Copy out the listing in full, exactly as written, but not its pictures.
======== Dataset excerpts
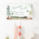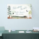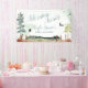 Cartel de Adventure Awaits. El diseño presenta una escena de montaña con árboles y una textura acuática. El Metro-Events Zazzle shop y Metro-Event.com ofrecen suministros adicionales de fiesta.
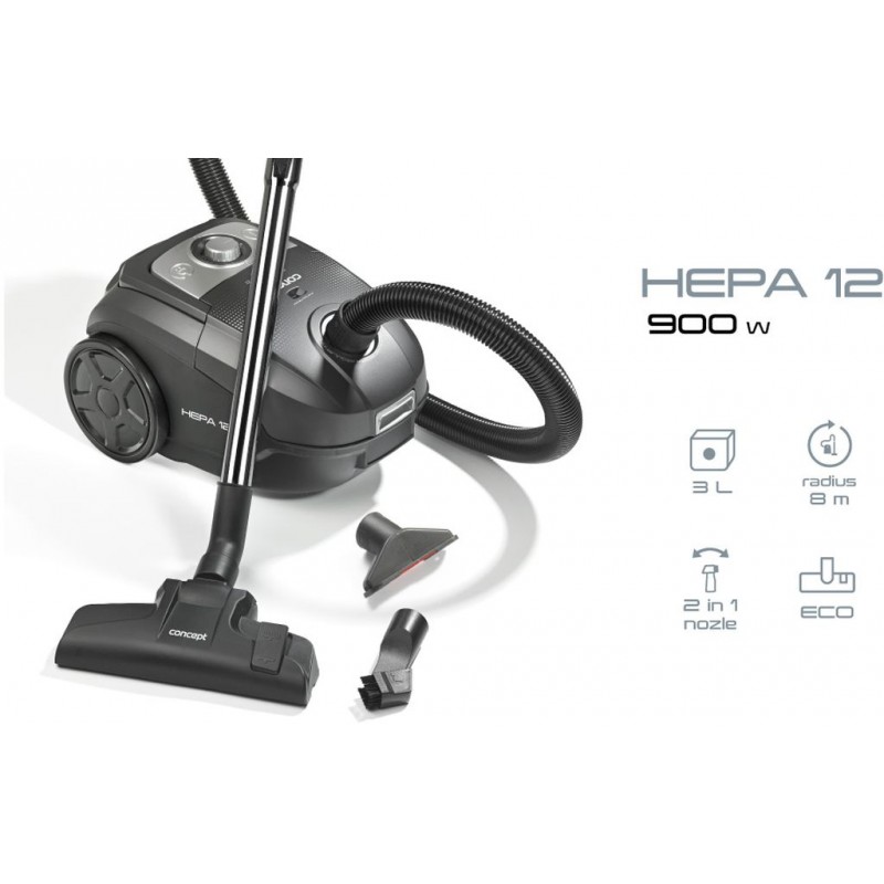 CONCEPT VP-8071 Sáčkový vysavač 900 W vp8071Podlahový sáčkový vysavač s příkonem 900 W a HEPA 12 v základní výbavě od české značky Concept
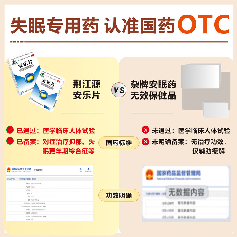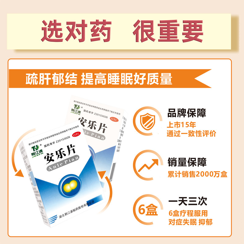 【自营】【荆江源】安乐片0.3g*60片*1瓶/盒医用安眠片失眠助眠安神助睡舒肝解郁焦虑
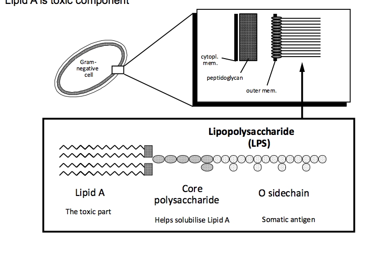 LPS aka endotoxin composed of polysaccharides and lipid A
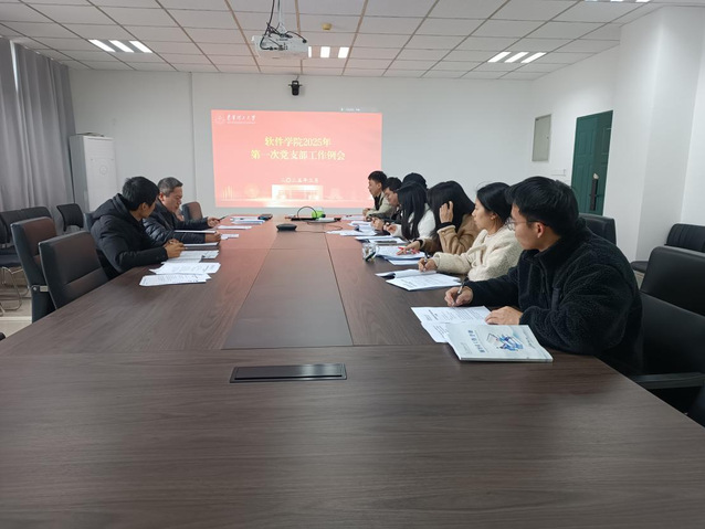 为贯彻落实新时代党的建设总要求和新时代党的组织路线,推动学院党建工作再上新台阶,3月6日下午,软件学院2025年第一次党支部工作会议在抚州校区国防科技楼1114会议室召开。会议聚焦新一年党建工作整体布局,统筹部署开学初党建重点工作,全面部署学院开学初意识形态与安全稳定工作,学院党委书记江雁飞、副书记王强出席会议并讲话,全体党支部书记参加会议。会议由学院党委组织员周勇主持。
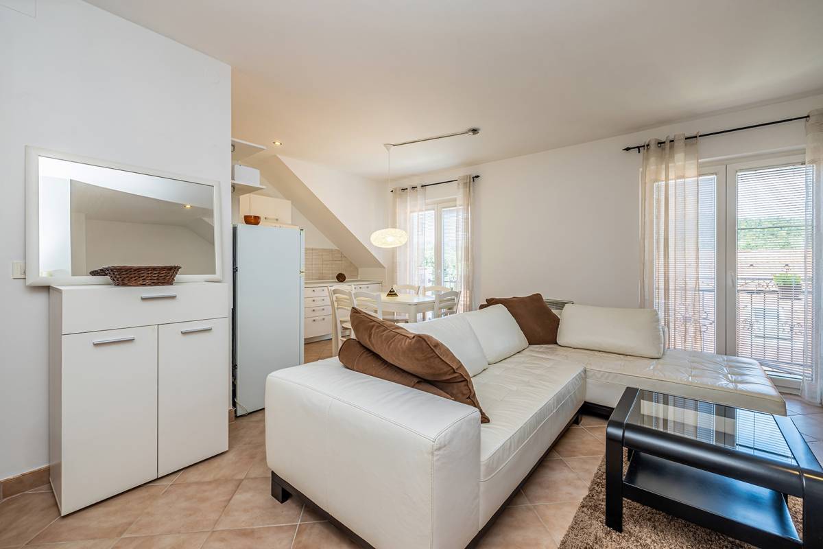 Unutarnji raspored uključuje prostrani dnevni boravak povezan s kuhinjom i blagovaonicom, udobnu spavaću sobu, moderno opremljenu kupaonicu i balkon koji pruža pogled na okolno zelenilo. Stan je potpuno opremljen novim, kvalitetnim namještajem koji je uključen u cijenu, što budućem vlasniku omogućuje trenutno useljenje – bez dodatnih ulaganja.
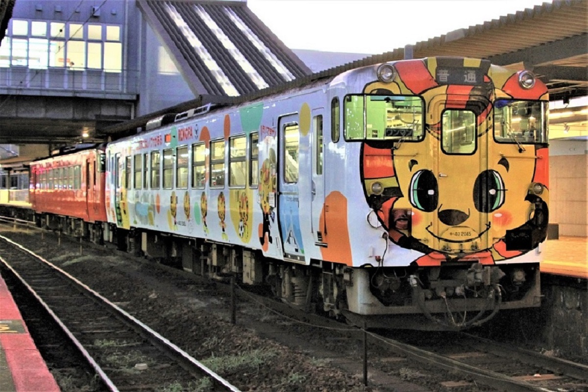 快速アクアライナー益田行きに運用されている、キハ126系1次車『石見神楽』ラッピング車〔米子-安来間〕
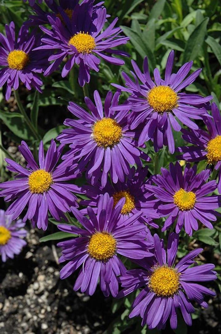 Fully frost hardy, Aster alpinus (Alpine Aster) is a clump-forming herbaceous perennial boasting masses of large daisy-like flowers, 2 in. across (5 cm), with blue-violet rays and golden-yellow centers. Blooming in late spring to mid-summer, the eye-catching blossoms are attractive to butterflies.
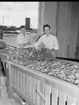 Farmer Roland Tullis, left of Hale Center, unloads cucumbers at mechanical grader as a few culls are picked out by Arno Struve of Abernathy.
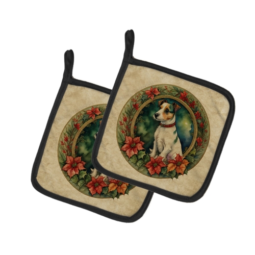 Pair of Pot Holders featuring breed specific Jack Russell Terrier artwork. Celebrate Christmas with this Christmas Pair of Pot Holders. A Pair of Pot Holders to match your kitchen decor. Made in the USA these are thick and functional. Full color artwork decorates the front polyester fabric of the hot pad and accented by a black trim. Use these at as a trivet for your Thanksgiving or Christmas tablescape. Filled with insulated fabric and quilted for durability. These colorful pot holders will make a great gift for your favorite home cook or executive chef. Each pot holder measures approximately 7 1/2 inches by 7 1/2 inches. A hanging tab is included.
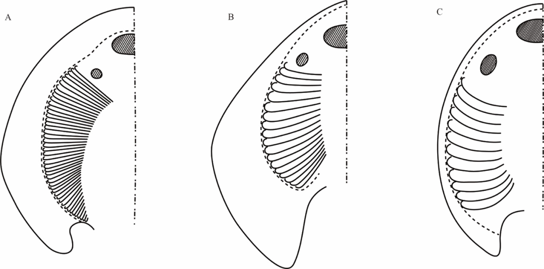 东方鱼最大的特点是“多鳃”,它的鳃囊数目多达45对,是史上具有鳃囊数目最多的盔甲鱼类。鳃是盔甲鱼类最重要的呼吸器官,两侧对称排列于头甲腹面,能帮助盔甲鱼类从水中获取氧气。鳃囊越多,鱼就越能扛得住缺氧环境。
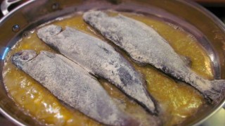 - Пъстървата подреждам в горещата мазнина и изпържвам от едната страна, докато видя златисти краища. Тогава обръщам. Важното е рибата да получи златист загар и хрупкава коричка.
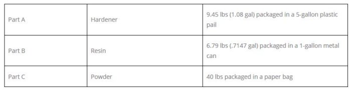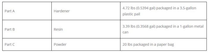 Remix Hardener (Part A) by shaking the container. Remix contents of the Liquid component (Part B) for a minimum of 2 minutes with a slow speed paddle or "Jiffy" mixer. Combine contents of Hardener to Liquid and mix for a minimum of 2-3 minutes. Add Powder (Part C) and continue mixing for 2-3 minutes or until thoroughly blended. Mix only complete batches.
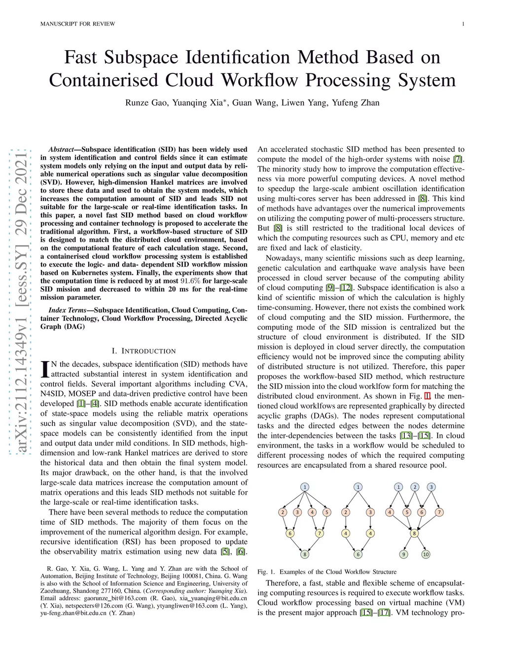 Subspace identification (SID) has been widely used in system identification and control fields since it can estimate system models only relying on the input and output data by reliable numerical operations such as singular value decomposition (SVD). However, high-dimension Hankel matrices are involved to store these data and used to obtain the system models, which increases the computation amount of SID and leads SID not suitable for the large-scale or real-time identification tasks. In this paper, a novel fast SID method based on cloud workflow processing and container technology is proposed to accelerate the traditional algorithm. First, a workflow-based structure of SID is designed to match the distributed cloud environment, based on the computational feature of each calculation stage. Second, a containerised cloud workflow processing system is established to execute the logic- and data- dependent SID workflow mission based on Kubernetes system. Finally, the experiments show that the computation time is reduced by at most for large-scale SID mission and decreased to within 20 ms for the real-time mission parameter.
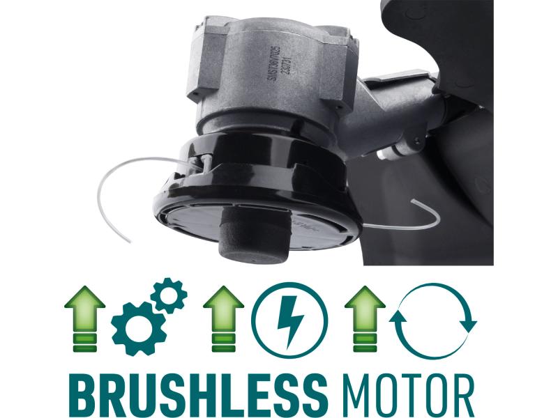 - A modern szénkefe nélküli (brushless) motor biztosítja a nagyobb teljesítmény leadást, miközben kevesebb energiát használ fel mint a szénkefés motor, az akkumulátorral több munka végezhető el, illetve az ilyen motor élettartama is hosszabb.
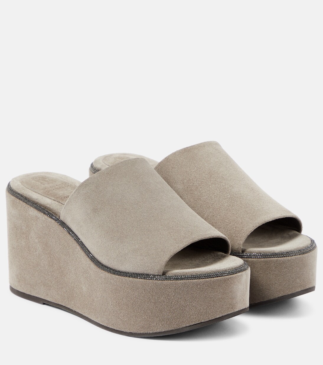 Замшевые шлепанцы на платформе Brunello Cucinelli, серый
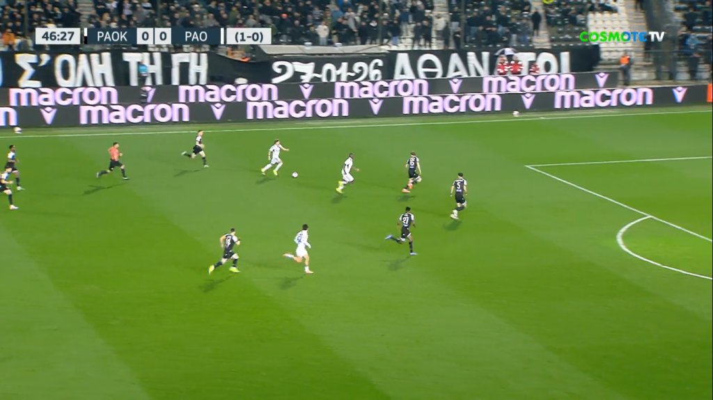 Ο Αντίνο κλέβει την μπάλα και την κουβαλά, φτάνει σε καλό σημείο για σουτ, το έκανε, αλλά ήταν άστοχο.
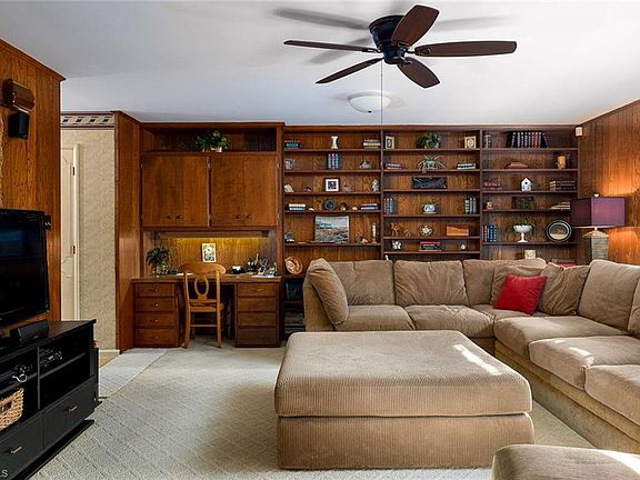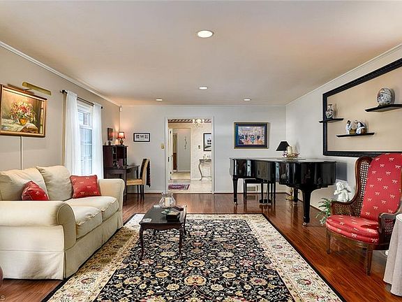 Wow wow wow! This mid-century style ranch is the perfect blend of charm and comfort. Beautiful home with brand new roof (September 2023), and immaculately maintained in and out. Enjoy the oversized garage that can house 4 cars, two deep and two side by side, with space to spare! Spacious rooms throughout. Enjoy the stunning curved brick walkway that leads up to the double door front entrance. The foyer leads beautifully into the formal great room and oversized dining room - perfect for large gatherings and entertaining. The back yard is a paradise with large koi pond, multiple patio areas, all encased in a fence that overlooks the pasture behind, with private trees and stunning landscaping. The basement would make another living quarters with living room, two rooms with closets, and a full bath. So much storage throughout! the huge attic has flooring for additional storage
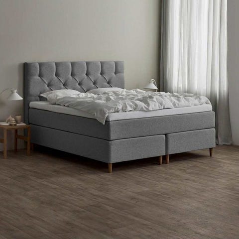 Wonderland Dobbeltseng i sort stof. Sengen består af to separate madrasser. Designet til brug i soveværelse, egnet til to personer. Materialet er stof med en sort farve.
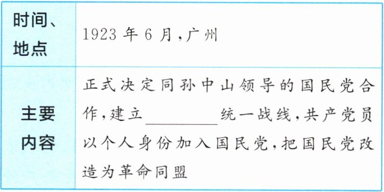 |主要内容|正式决定同孙中山领导的国民党合作,建立______统一战线,共产党员以个人身份加入国民党,把国民党改造为革命同盟|
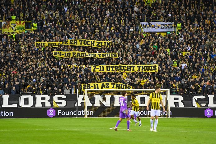 Zelfspot In Uitverkocht Gelredome Fanatieke Aanhang Richt Zich Met Spandoek Tot Andere Vitesse Fans Vitesse In Europa Gelderlander Nl
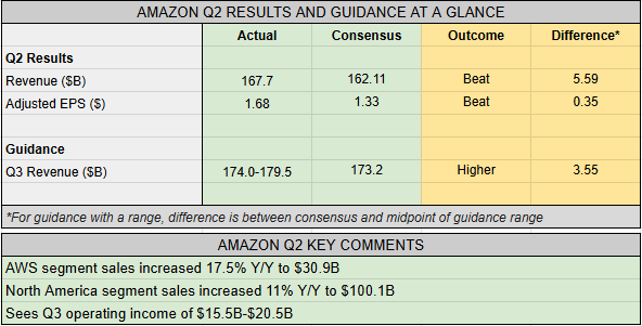 Earnings Snapshot: Amazon tops expectations in Q2 Posted on July 31, 2025 by wpadmin More on Amazon Prime Time Tech Stocks: Amazon And Celestica Tech Titans’ AI Strategy Amazon Q2 Preview: Massive White Collar Automation Amazon posts a powerhouse quarter again; shares dip as guidance is weighed Amazon GAAP EPS of $1.68 beats by $0.35, revenue of $167.7B beats by $5.59B
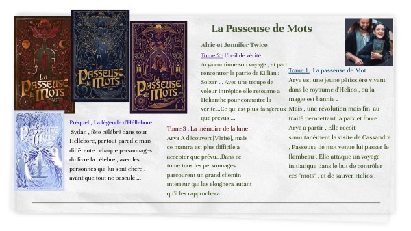 Tome 1 : La passeuse de Mot Arya est une jeune pâtissière vivant dans le royaume d'Helios , ou la magie est bannie . Mais , une révolution mais fin au traité permettant la paix et force Arya a partir . Elle reçoit simultanément la visite de Cassandre , Passeuse de mot venue lui passer le flambeau . Elle attaque un voyage initiatique dans le but de contrôler ces "mots" , et de sauver Helios .
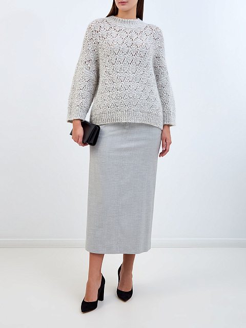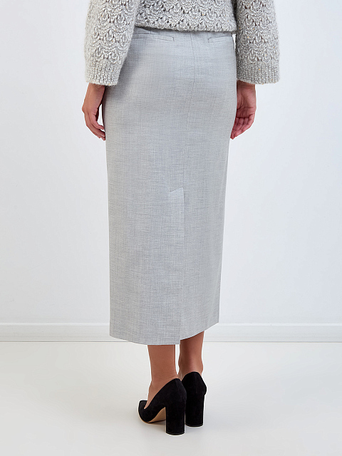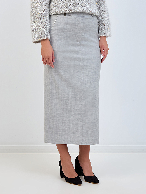 Юбка-карандаш из тонкой мелованной шерсти с ювелирной окантовкой
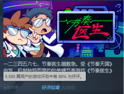 受《节奏天国》启发,由7th Beat Games打造的独立音游《节奏医生》已在2月26日在Steam开启抢先体验阶段。这是只需要一个操控按键、“有手就行”的节奏游戏,却引起了巨大的反响与赞美:截至目前5585篇用户评测中,《节奏医生》收获了98%的好评率,可谓是好评如潮。
================
■ Task response:
 Cartel de Adventure Awaits. El diseño presenta una escena de montaña con árboles y una textura acuática. El Metro-Events Zazzle shop y Metro-Event.com ofrecen suministros adicionales de fiesta.
 CONCEPT VP-8071 Sáčkový vysavač 900 W vp8071Podlahový sáčkový vysavač s příkonem 900 W a HEPA 12 v základní výbavě od české značky Concept
 【自营】【荆江源】安乐片0.3g*60片*1瓶/盒医用安眠片失眠助眠安神助睡舒肝解郁焦虑
 LPS aka endotoxin composed of polysaccharides and lipid A
 为贯彻落实新时代党的建设总要求和新时代党的组织路线,推动学院党建工作再上新台阶,3月6日下午,软件学院2025年第一次党支部工作会议在抚州校区国防科技楼1114会议室召开。会议聚焦新一年党建工作整体布局,统筹部署开学初党建重点工作,全面部署学院开学初意识形态与安全稳定工作,学院党委书记江雁飞、副书记王强出席会议并讲话,全体党支部书记参加会议。会议由学院党委组织员周勇主持。
 Unutarnji raspored uključuje prostrani dnevni boravak povezan s kuhinjom i blagovaonicom, udobnu spavaću sobu, moderno opremljenu kupaonicu i balkon koji pruža pogled na okolno zelenilo. Stan je potpuno opremljen novim, kvalitetnim namještajem koji je uključen u cijenu, što budućem vlasniku omogućuje trenutno useljenje – bez dodatnih ulaganja.
 快速アクアライナー益田行きに運用されている、キハ126系1次車『石見神楽』ラッピング車〔米子-安来間〕
 Fully frost hardy, Aster alpinus (Alpine Aster) is a clump-forming herbaceous perennial boasting masses of large daisy-like flowers, 2 in. across (5 cm), with blue-violet rays and golden-yellow centers. Blooming in late spring to mid-summer, the eye-catching blossoms are attractive to butterflies.
 Farmer Roland Tullis, left of Hale Center, unloads cucumbers at mechanical grader as a few culls are picked out by Arno Struve of Abernathy.
 Pair of Pot Holders featuring breed specific Jack Russell Terrier artwork. Celebrate Christmas with this Christmas Pair of Pot Holders. A Pair of Pot Holders to match your kitchen decor. Made in the USA these are thick and functional. Full color artwork decorates the front polyester fabric of the hot pad and accented by a black trim. Use these at as a trivet for your Thanksgiving or Christmas tablescape. Filled with insulated fabric and quilted for durability. These colorful pot holders will make a great gift for your favorite home cook or executive chef. Each pot holder measures approximately 7 1/2 inches by 7 1/2 inches. A hanging tab is included.
 东方鱼最大的特点是“多鳃”,它的鳃囊数目多达45对,是史上具有鳃囊数目最多的盔甲鱼类。鳃是盔甲鱼类最重要的呼吸器官,两侧对称排列于头甲腹面,能帮助盔甲鱼类从水中获取氧气。鳃囊越多,鱼就越能扛得住缺氧环境。
 - Пъстървата подреждам в горещата мазнина и изпържвам от едната страна, докато видя златисти краища. Тогава обръщам. Важното е рибата да получи златист загар и хрупкава коричка.
 Remix Hardener (Part A) by shaking the container. Remix contents of the Liquid component (Part B) for a minimum of 2 minutes with a slow speed paddle or "Jiffy" mixer. Combine contents of Hardener to Liquid and mix for a minimum of 2-3 minutes. Add Powder (Part C) and continue mixing for 2-3 minutes or until thoroughly blended. Mix only complete batches.
 Subspace identification (SID) has been widely used in system identification and control fields since it can estimate system models only relying on the input and output data by reliable numerical operations such as singular value decomposition (SVD). However, high-dimension Hankel matrices are involved to store these data and used to obtain the system models, which increases the computation amount of SID and leads SID not suitable for the large-scale or real-time identification tasks. In this paper, a novel fast SID method based on cloud workflow processing and container technology is proposed to accelerate the traditional algorithm. First, a workflow-based structure of SID is designed to match the distributed cloud environment, based on the computational feature of each calculation stage. Second, a containerised cloud workflow processing system is established to execute the logic- and data- dependent SID workflow mission based on Kubernetes system. Finally, the experiments show that the computation time is reduced by at most for large-scale SID mission and decreased to within 20 ms for the real-time mission parameter.
 - A modern szénkefe nélküli (brushless) motor biztosítja a nagyobb teljesítmény leadást, miközben kevesebb energiát használ fel mint a szénkefés motor, az akkumulátorral több munka végezhető el, illetve az ilyen motor élettartama is hosszabb.
 Замшевые шлепанцы на платформе Brunello Cucinelli, серый
 Ο Αντίνο κλέβει την μπάλα και την κουβαλά, φτάνει σε καλό σημείο για σουτ, το έκανε, αλλά ήταν άστοχο.
 Wow wow wow! This mid-century style ranch is the perfect blend of charm and comfort. Beautiful home with brand new roof (September 2023), and immaculately maintained in and out. Enjoy the oversized garage that can house 4 cars, two deep and two side by side, with space to spare! Spacious rooms throughout. Enjoy the stunning curved brick walkway that leads up to the double door front entrance. The foyer leads beautifully into the formal great room and oversized dining room - perfect for large gatherings and entertaining. The back yard is a paradise with large koi pond, multiple patio areas, all encased in a fence that overlooks the pasture behind, with private trees and stunning landscaping. The basement would make another living quarters with living room, two rooms with closets, and a full bath. So much storage throughout! the huge attic has flooring for additional storage
 Wonderland Dobbeltseng i sort stof. Sengen består af to separate madrasser. Designet til brug i soveværelse, egnet til to personer. Materialet er stof med en sort farve.
 |主要内容|正式决定同孙中山领导的国民党合作,建立______统一战线,共产党员以个人身份加入国民党,把国民党改造为革命同盟|
 Zelfspot In Uitverkocht Gelredome Fanatieke Aanhang Richt Zich Met Spandoek Tot Andere Vitesse Fans Vitesse In Europa Gelderlander Nl
 Earnings Snapshot: Amazon tops expectations in Q2 Posted on July 31, 2025 by wpadmin More on Amazon Prime Time Tech Stocks: Amazon And Celestica Tech Titans’ AI Strategy Amazon Q2 Preview: Massive White Collar Automation Amazon posts a powerhouse quarter again; shares dip as guidance is weighed Amazon GAAP EPS of $1.68 beats by $0.35, revenue of $167.7B beats by $5.59B
 Tome 1 : La passeuse de Mot Arya est une jeune pâtissière vivant dans le royaume d'Helios , ou la magie est bannie . Mais , une révolution mais fin au traité permettant la paix et force Arya a partir . Elle reçoit simultanément la visite de Cassandre , Passeuse de mot venue lui passer le flambeau . Elle attaque un voyage initiatique dans le but de contrôler ces "mots" , et de sauver Helios .
 Юбка-карандаш из тонкой мелованной шерсти с ювелирной окантовкой
 受《节奏天国》启发,由7th Beat Games打造的独立音游《节奏医生》已在2月26日在Steam开启抢先体验阶段。这是只需要一个操控按键、“有手就行”的节奏游戏,却引起了巨大的反响与赞美:截至目前5585篇用户评测中,《节奏医生》收获了98%的好评率,可谓是好评如潮。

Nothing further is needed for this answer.